The softirq is used to start the NAPI poll loop and to control the NAPI poll so it does not eat 100% of CPU usage. The NAPI poll loop is just a for loop, and the softirq code manages how much time it can spend and how much budget it has.
Each CPU processing packets can spend the full budget. So, if budget is set to 300, and you have 2 CPUs, each CPU can process 300 packets each for a total of 600. This is only true if your NIC supports multiple RX queues and you've distributed the IRQs to separate CPUs for processing. If your NIC doesn't, you can use Receive Packet Steering to help with this (RPS). See my blog post above for more information.
No, there are no settings for this. Note that the softirqs run on the same CPU which raised them.

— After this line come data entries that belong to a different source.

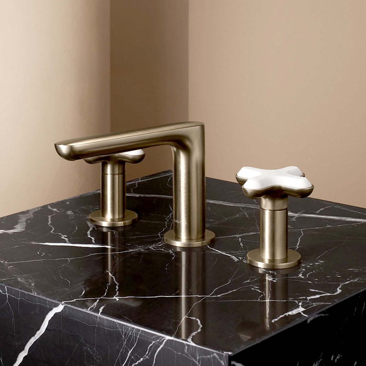 American contemporary form is embodied in the streamlined simplicity of the 002™ brassware collection, starring organic round edges and uninterrupted clean lines. Adorned with jewelry inspired handles featuring exquisite hand-crafted Italian Statuary White Carrara, one of three meticulously curated natural stone offerings, and the availability in five luxurious finishes, the 002™ bathroom collection allows you to create a faucet pairing that suits your personal style. Due to the natural properties of the stone, coloring may vary.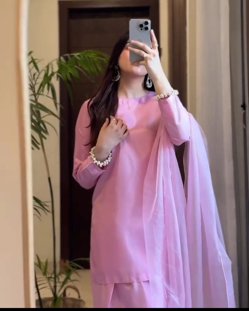 Matching pink Farshi Shalwar style trousers for a regal and traditional touch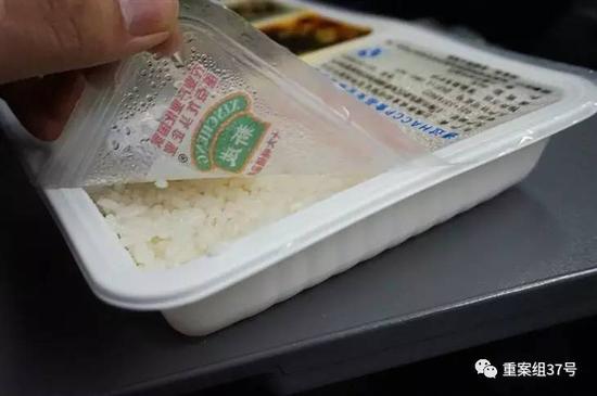 乘客打开高铁列车盒饭食用。网络图片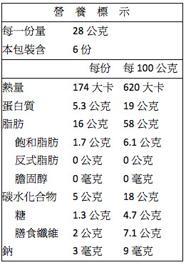 2.過敏原資訊:本產品含堅果。本生產線亦生產含牛奶製品、芝麻、含麩質之穀類、大豆及種子類的產品。

So, if you set your hardirq handler for RX queue 1 to CPU 16, then the softirq will run on CPU 16. One thing you can do is: set your hardirqs to specific CPUs and set the application that will use that data to those same CPUs. Pin all other applications (like cron jobs, background tasks, etc) to other CPUs -- this ensures that only the hardirq handler, softirq, and application that will process the data can run.
If you desire extremely low latency network packet reads, you should try using a new Linux kernel networking feature called busy polling. It can be used to help minimize and reduce networking packet processing latency. Using this option will increase CPU usage.
Upvotes: 6